I am a woman with fibroids, can I still get pregnant?
Most fibroids - non-cancerous growths in the uterine wall – do not ordinarily affect a woman’s fertility, but some, depending on their size and location, may obstruct the sperm’s access to an egg, or implantation of an embryo. Fibroids could potentially also add a pregnancy complication if located where the foetus itself needs to develop. Nevertheless, based on your specific health profile and family goals, you may be able to have a baby without needing to remove your fibroids. Alternatively, you may benefit from undergoing a myomectomy - surgery to remove the growth while preserving the uterus. Rest assured, we will discuss all viable options together.
What lifestyle changes can couples make to improve their chance of getting pregnant?

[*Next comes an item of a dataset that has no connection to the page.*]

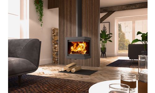 Le Bora Corner, Fixed est suspendu au plafond (en matériau inflammable), ce qui offre de nombreuses possibilités de placement dans la maison. La foyer peut être suspendue dans n'importe quelle position pour que vous puissiez profiter au maximum de ce beau foyer au bois.

Quitting smoking, minimizing (or, better still, eliminating) alcohol, achieving a healthy weight in cases of obesity and maintaining a nutritious diet, as well as getting regular exercise and practising safe intercourse, are lifestyle choices that support the health and fertility of both partners, complementing the treatments undertaken under the guidance of a fertility specialist.
What kind of conditions can be treated by a gynaecological laparoscopy?
A laparoscopy, also known as minimally invasive surgery or keyhole surgery, can be used instead of open surgery to diagnose and treat a range of gynaecological conditions, such as endometriosis, polycystic ovarian syndrome, pelvic inflammatory disease (PID), fibroids and cancers affecting the internal organs in the female pelvic cavity. This includes the uterus, ovaries, fallopian tubes and other nearby organs.
What are the benefits of laparoscopic surgery?
Given that laparoscopy is a type of surgery that is performed using small incisions, the patient experiences significantly less pain and bleeding after the operation in comparison to traditional open surgery. This also means that the patient can recover quicker and resume work and other normal activities sooner than with open surgery.